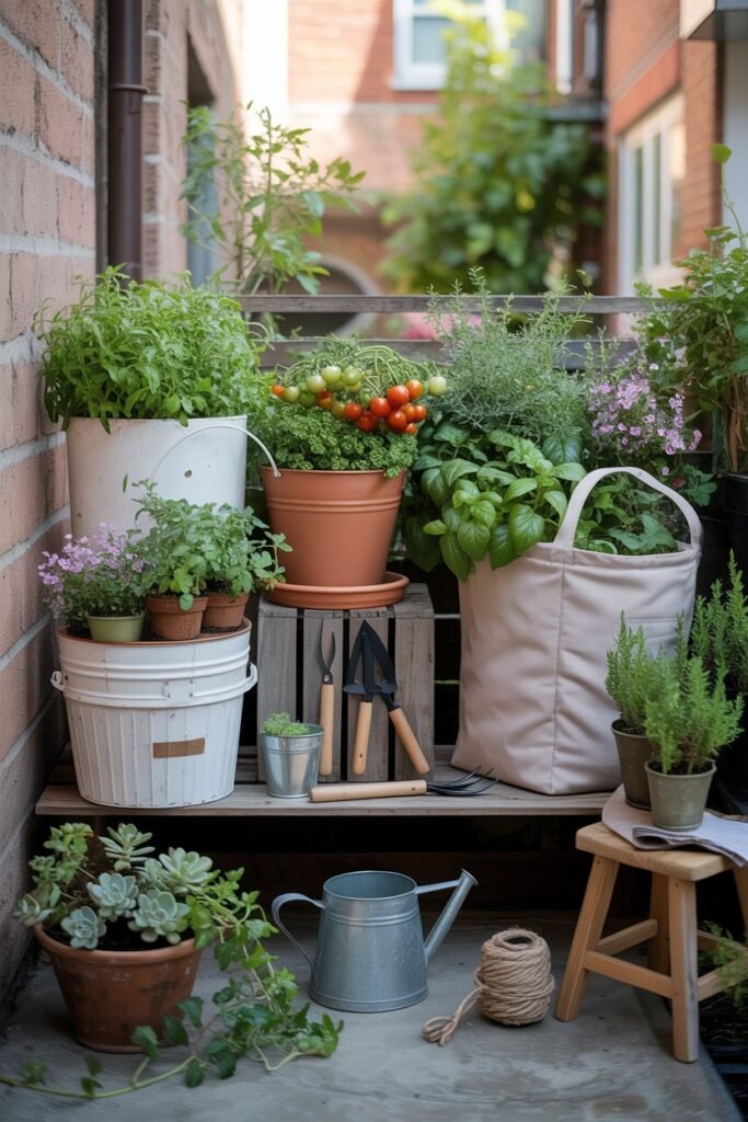 I had exactly three pots, a bag of soil I dragged up two flights of stairs, and a hopeful little tomato seedling that looked far braver than I felt.
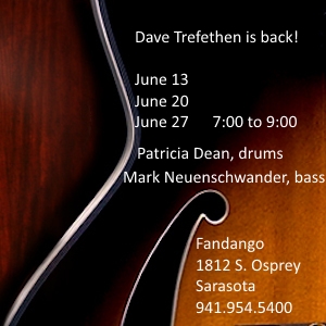 Bill Buchman’s Art of Jazz Trio: Every Saturday evening, 7-9 PM, Burns Court Cafe, 401 S. Pineapple Ave. Tel. 941 312 6633. Come enjoy the good music, food and atmosphere withBill on piano, Michael Ross on bass and Chuck Parr on drums.
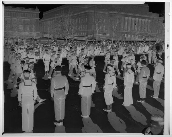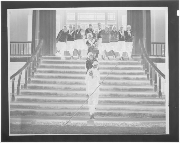Curator: This intriguing, untitled photograph by Hamblin Studio captures a group portrait of uniformed firemen. It’s part of the Harvard Art Museums collection. Editor: The crisp uniformity immediately strikes me – a powerful image, almost ghostly, due to the negative's high contrast. It's a statement about order and civic duty. Curator: Absolutely, the firemen's uniforms function as symbols of public service and collective identity. It really speaks to the cultural memory of firefighters as pillars of the community. Editor: I'm drawn to the material reality – the photographic process itself, the darkroom labor, the standardization of their attire and even their poses. A very stiff formality. Curator: And there's a curious ritualistic aspect too, a frozen moment commemorating their service, almost like an icon of civic responsibility. Editor: It certainly makes you consider the role photography played in shaping public perception of these civil servants. A very intriguing record. Curator: Agreed, a reminder of shared values, and a fascinating visual symbol of community. Editor: Yes, it makes me think about the industrialization of heroism and the social dynamics it depicts.
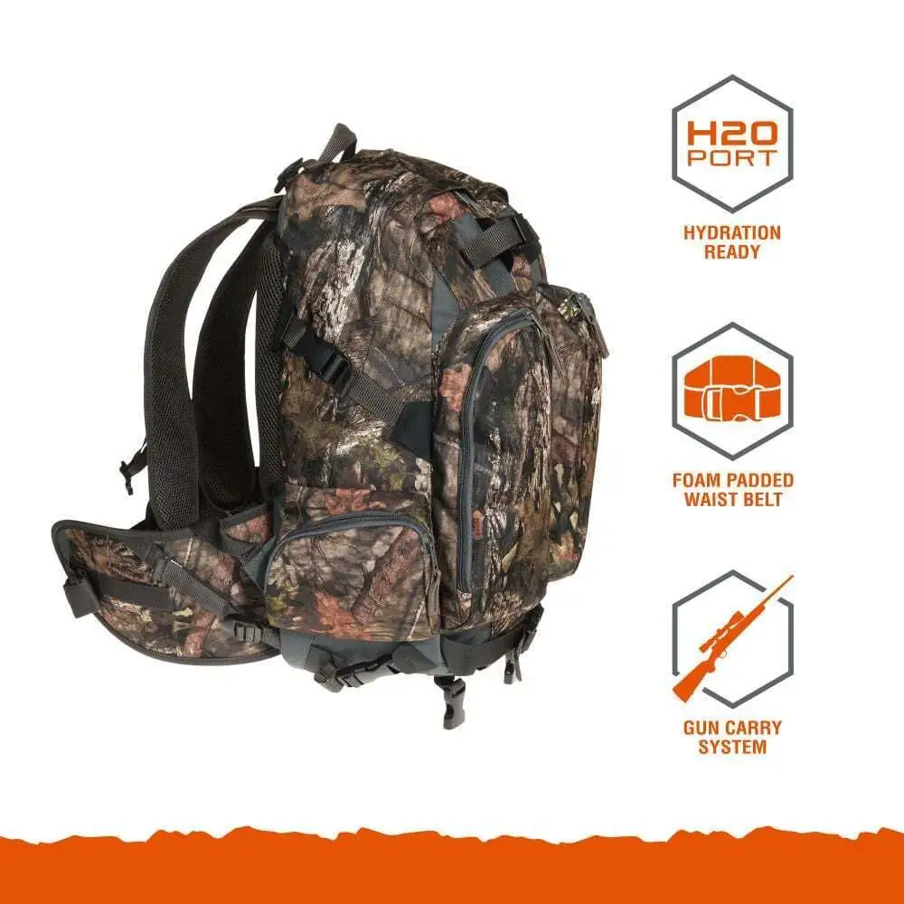 - MOSSY OAK® RYGG SÄCK: Justerbart midjebälte (upp till 138 cm) samt vadderade och justerbara axelremmar och bröstrem ger maximal komfort och säkerhet under användning. H2O-hydreringsporten är en extra funktion som ger dig åtkomst till vatten när du behöver det som mest.
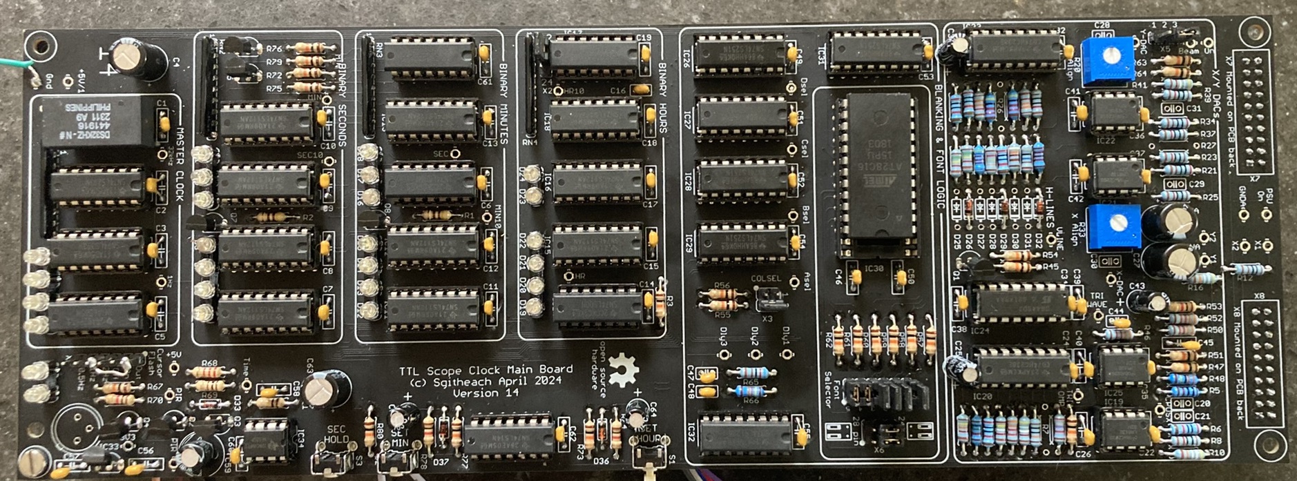 Rather than use discrete semiconductors and passives, I migrated to using TTL for the time-keeping and display logic. Then use OPAMPs for the analogue processing to form the drawn characters. The CRT side of things: power supply, deflection amplifiers etc. could be derived from Scope Clock Due. I could use a simpler power supply for the CRT heater and a simpler blanking amplifier. Nick Stock suggested that I use the time-keeping from his KoolKlox and keep the BCD LED time display. This helped a lot as the point of the clock is that it is a nixie clock that uses TTL. I swapped out some of the design but the time-keeping section is basically the same.
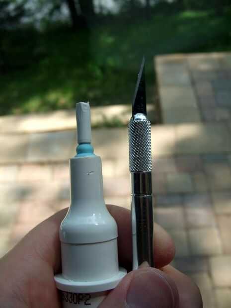 Una vez tienes el protector de corte, entonces usted tendrá que cortar la porción de cepillo de dientes blando. Otra vez, sacar la segueta y corte esa cosa. Intente cortar a las cerdas como puedas para que tenga una sección más larga de plástico a la interfaz con el cuchillo x-acto. Usando el cuchillo x-acto que desea entonces gradualmente el eje de la cabeza del cepillo de plástico para que sea del mismo diámetro hasta el sello.
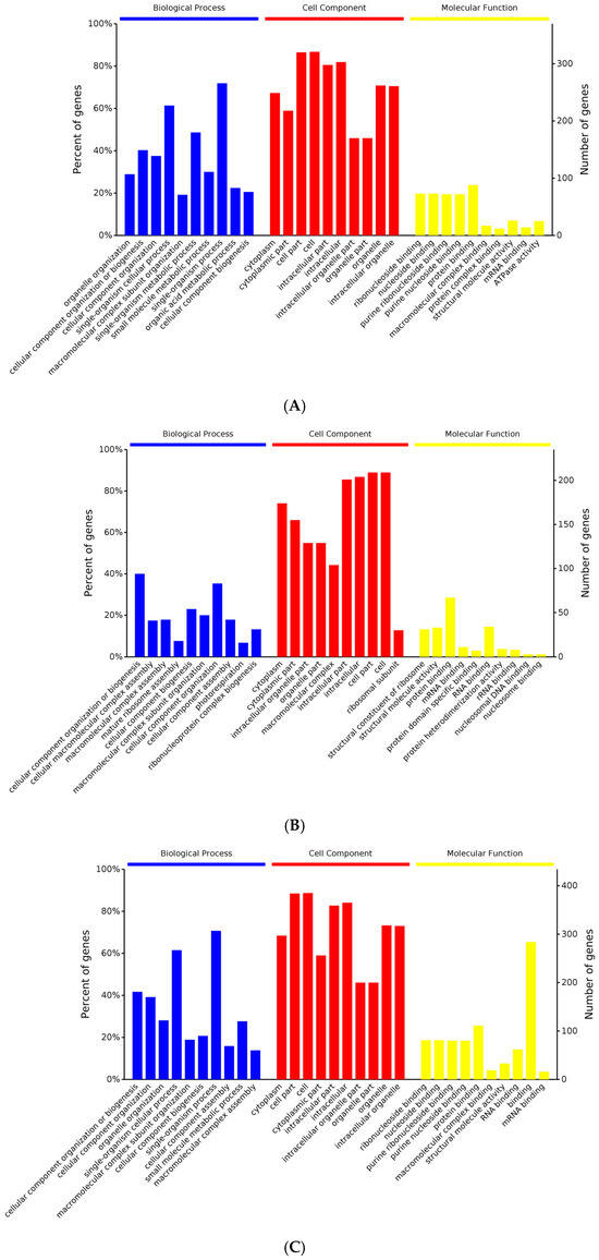 The GO terms associated with the identified DEPs between groups were analyzed (Figure 7A–C). In H vs. BB, most DEPs were enriched in biological process (BP), followed by cell component (CC) and molecular function (MF). Among all the groups, in terms of the number and percentage of DEPs, more proteins were distributed in CC. The DEPs between the H and HB groups were mainly concentrated in cell, intracellular part, cellular component organization or biogenesis, and protein and RNA binding (Figure 7A). The DEPs between the H and BB groups were mostly involved in macromolecular complex assembly and binding (Figure 7B). The DEPs screened between the HB and BB groups were involved in cell, intracellular part, and cellular component organization or biogenesis, as well as macromolecular complex binding (Figure 7C).
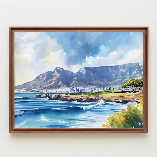 Cape Town Watercolor Print - Table Mountain Canvas Wall Art South Africa Decor
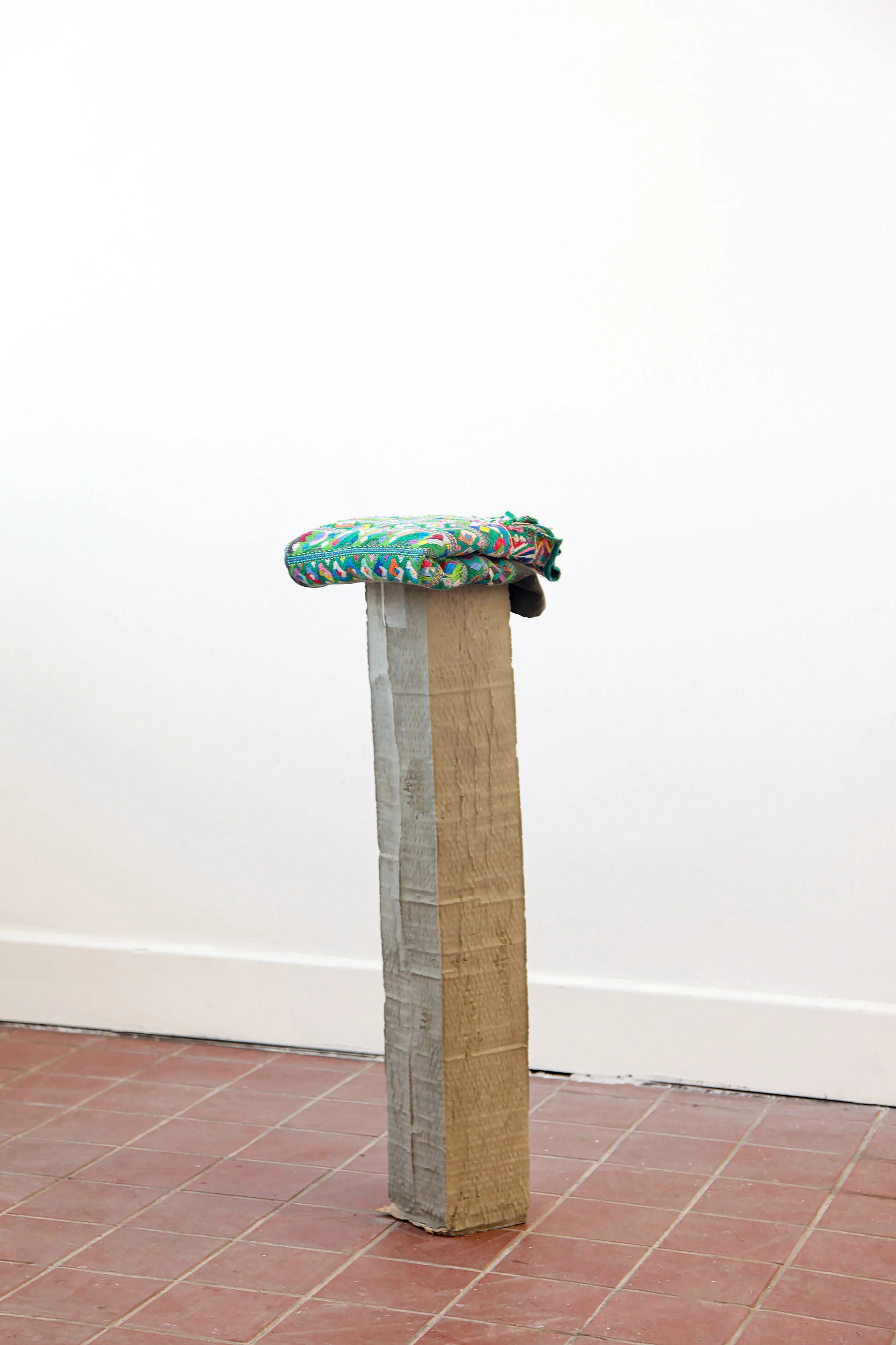 The Small of Her Lower Back explores how grieving, monument, and death are found through & within commonplace hardscape materials. By working through my own historical infatuation with grittiness and material labor, this exhibition offers up a conversation around how to make space for grief in everyday occurrences. Through the poetic materiality behind the clothes worn and habits projected by my late grandmother, Rita Gay, prior to her passing, combined with the artificial and sterile use of concrete/rebar/and synthetic fabric, this work demonstrates ways in which the viewer can connect with and find solace in these unconventionally empathetic materials.

************

Activity
An exact transcription of the listing is required, and it must contain no pictures.

Answer box
 I had exactly three pots, a bag of soil I dragged up two flights of stairs, and a hopeful little tomato seedling that looked far braver than I felt.
 Bill Buchman’s Art of Jazz Trio: Every Saturday evening, 7-9 PM, Burns Court Cafe, 401 S. Pineapple Ave. Tel. 941 312 6633. Come enjoy the good music, food and atmosphere withBill on piano, Michael Ross on bass and Chuck Parr on drums.
Curator: This intriguing, untitled photograph by Hamblin Studio captures a group portrait of uniformed firemen. It’s part of the Harvard Art Museums collection. Editor: The crisp uniformity immediately strikes me – a powerful image, almost ghostly, due to the negative's high contrast. It's a statement about order and civic duty. Curator: Absolutely, the firemen's uniforms function as symbols of public service and collective identity. It really speaks to the cultural memory of firefighters as pillars of the community. Editor: I'm drawn to the material reality – the photographic process itself, the darkroom labor, the standardization of their attire and even their poses. A very stiff formality. Curator: And there's a curious ritualistic aspect too, a frozen moment commemorating their service, almost like an icon of civic responsibility. Editor: It certainly makes you consider the role photography played in shaping public perception of these civil servants. A very intriguing record. Curator: Agreed, a reminder of shared values, and a fascinating visual symbol of community. Editor: Yes, it makes me think about the industrialization of heroism and the social dynamics it depicts.
 - MOSSY OAK® RYGG SÄCK: Justerbart midjebälte (upp till 138 cm) samt vadderade och justerbara axelremmar och bröstrem ger maximal komfort och säkerhet under användning. H2O-hydreringsporten är en extra funktion som ger dig åtkomst till vatten när du behöver det som mest.
 Rather than use discrete semiconductors and passives, I migrated to using TTL for the time-keeping and display logic. Then use OPAMPs for the analogue processing to form the drawn characters. The CRT side of things: power supply, deflection amplifiers etc. could be derived from Scope Clock Due. I could use a simpler power supply for the CRT heater and a simpler blanking amplifier. Nick Stock suggested that I use the time-keeping from his KoolKlox and keep the BCD LED time display. This helped a lot as the point of the clock is that it is a nixie clock that uses TTL. I swapped out some of the design but the time-keeping section is basically the same.
 Una vez tienes el protector de corte, entonces usted tendrá que cortar la porción de cepillo de dientes blando. Otra vez, sacar la segueta y corte esa cosa. Intente cortar a las cerdas como puedas para que tenga una sección más larga de plástico a la interfaz con el cuchillo x-acto. Usando el cuchillo x-acto que desea entonces gradualmente el eje de la cabeza del cepillo de plástico para que sea del mismo diámetro hasta el sello.
 The GO terms associated with the identified DEPs between groups were analyzed (Figure 7A–C). In H vs. BB, most DEPs were enriched in biological process (BP), followed by cell component (CC) and molecular function (MF). Among all the groups, in terms of the number and percentage of DEPs, more proteins were distributed in CC. The DEPs between the H and HB groups were mainly concentrated in cell, intracellular part, cellular component organization or biogenesis, and protein and RNA binding (Figure 7A). The DEPs between the H and BB groups were mostly involved in macromolecular complex assembly and binding (Figure 7B). The DEPs screened between the HB and BB groups were involved in cell, intracellular part, and cellular component organization or biogenesis, as well as macromolecular complex binding (Figure 7C).
 Cape Town Watercolor Print - Table Mountain Canvas Wall Art South Africa Decor
 The Small of Her Lower Back explores how grieving, monument, and death are found through & within commonplace hardscape materials. By working through my own historical infatuation with grittiness and material labor, this exhibition offers up a conversation around how to make space for grief in everyday occurrences. Through the poetic materiality behind the clothes worn and habits projected by my late grandmother, Rita Gay, prior to her passing, combined with the artificial and sterile use of concrete/rebar/and synthetic fabric, this work demonstrates ways in which the viewer can connect with and find solace in these unconventionally empathetic materials.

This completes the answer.